A: Pursuing a job as a business analyst for major companies. How are you going to roll out the product, how many people are you going to test, what are the KPIs to evaluate your project, if something is wrong then how much more data would you need to test? Do analyses to make the product better.

Q: How did you first get involved with the IBM Data Science Community? 

A: When I started blogging, a friend suggested I join a few data science communities where I could see how things are going and what people look for. I was interested in writing simple blog posts where people like me who were never exposed to data science but might be interested. I had no prior experience blogging. I just did a web search for best data science communities and IBM's was one of them. I joined for that reason. When I started posting, it also gave me a lot of views on my own blog in return -- 20 to 30 percent of my traffic -- so I started posting more regularly. I would get personal comments and emails from IBM Data Science Community members with suggestions or changes or different views on what I posted.

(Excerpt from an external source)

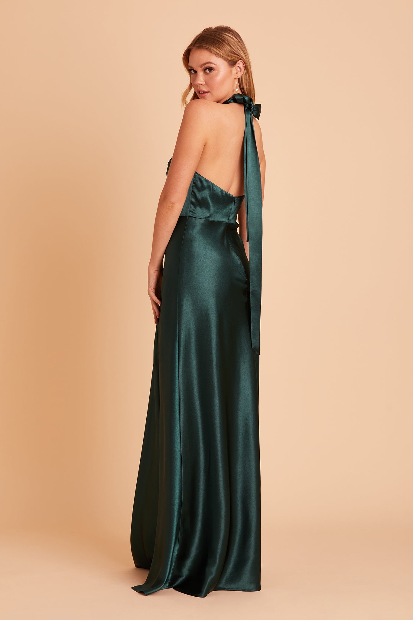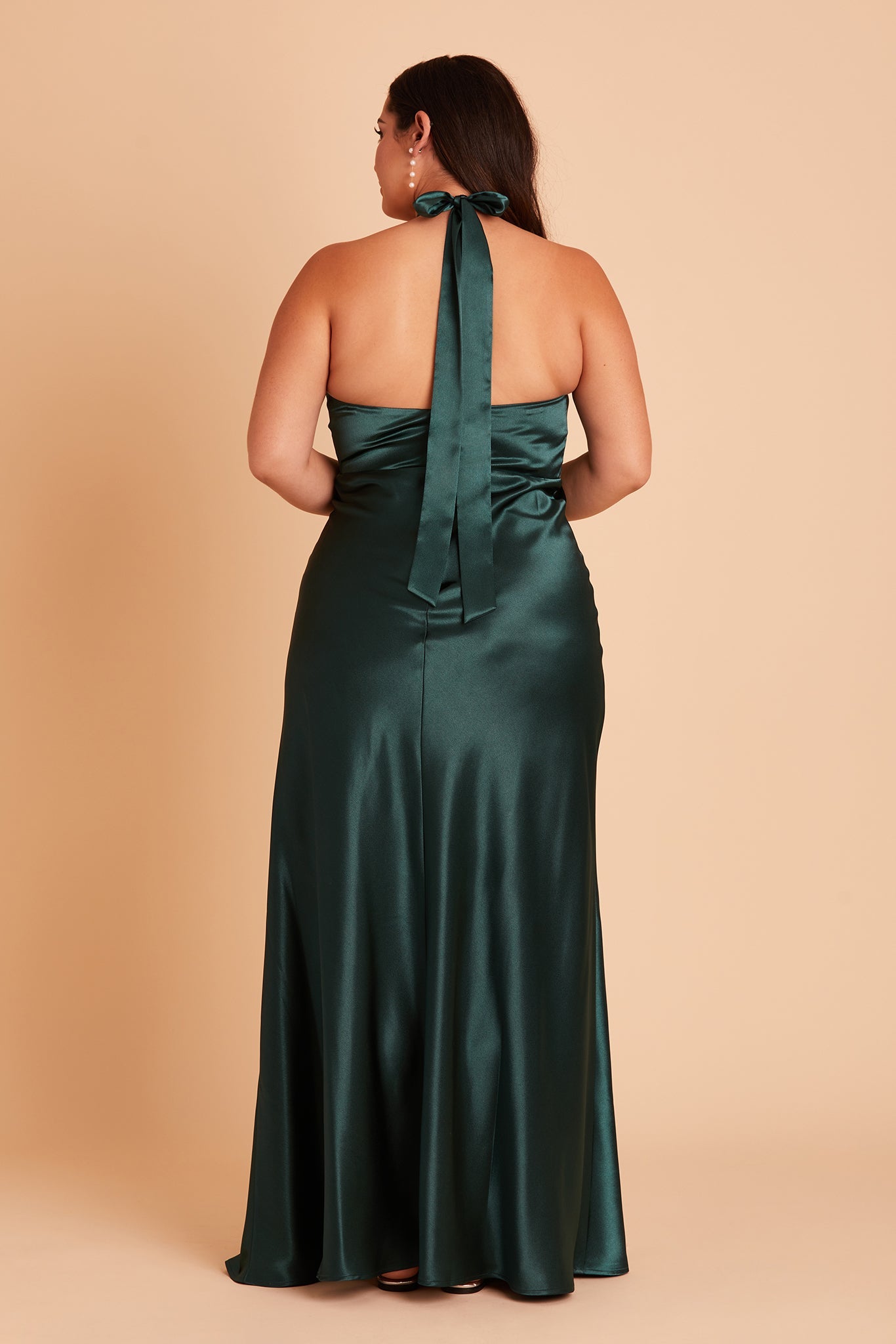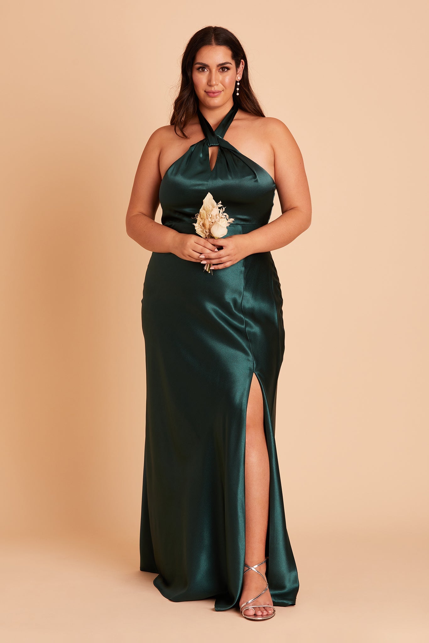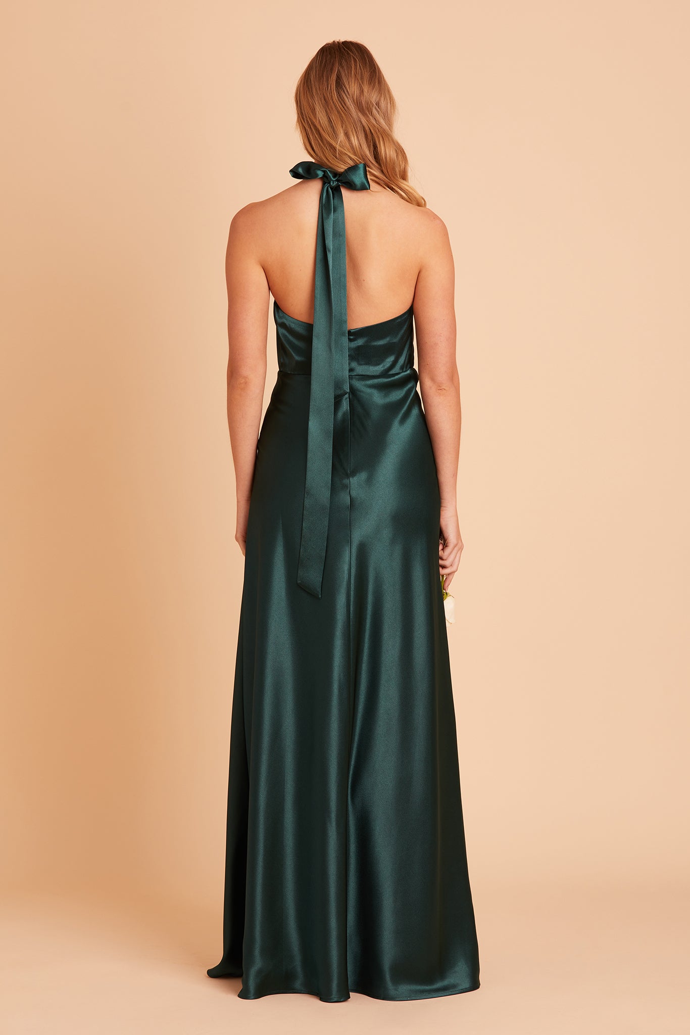 Your wedding will look like a star-studded event with your bridal party wearing this twist-front halter satin bridesmaid dress. The lustrous fabric of this floor-length gown makes each color look rich and regal while the halter style creates an alluring look that's on par with an A-list Hollywood star. We love this bridesmaid dress paired with a low bun that softens the cool, modern style while showing off the neckline.
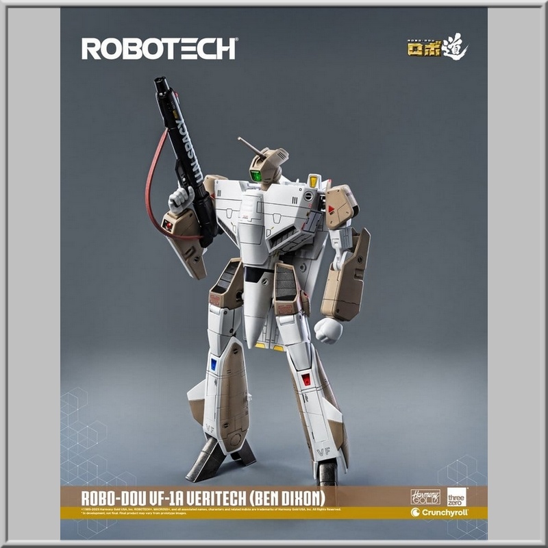 Figurine articulée de VF-1A Veritech (Ben Dixon) tirée de l'univers Robotech taille env. 20,3 cm avec nombreux accessoires de la collection ROBO-DOU du fabricant ThreeZero.

Say I posted something on visualization, people emailed me about different approaches for visualization. I would get good feedback from the IBM Data Science Community, and not from others. 

Q: What excites you about data science and machine learning?

A: It obviously has a big role to play in the coming couple of decades. I think that data is the most important thing today. You can do much more if you have the right data, and can do the right analytics on it, it tells you about how you can move forward with your product or your business to stay ahead of the competition or improve your functions or products. Broader concepts like AI also excite me.

Q: How do you stay on top of data science trends and practices?

A: If I want to learn a new concept, I first go on YouTube because I can learn faster than reading something. I might then search for a book that could help them. 

Q: What would make a Meetup attractive to you?

A: Giving a practical approach and insights into how things work in companies - how they use analytics and case studies showing how data science actually helped their products. So I can map to their expectations and prepare myself to improve my chances to work for those companies.

Q: Do you have any feedback on the Data Science Community?
A: I really benefitted more than expected from the IBM Data Science Community. It would be useful to have more practical data science case studies, so we users can get insights into how things are working practically. 

Neeraj_Jangid-DS_Community.m4a

Q: What inspired you to start your own blog, The Datum?

A: I was interested in writing basic blog posts so that people who were never exposed to data science, like me...data science is booming. Everyone knows the term, but not what it means, the understanding to give them a good base. I wrote 10 blog posts and got good responses. It was read in 79 countries, got about 100 views per day. I think I was able to do what I was expecting for myself.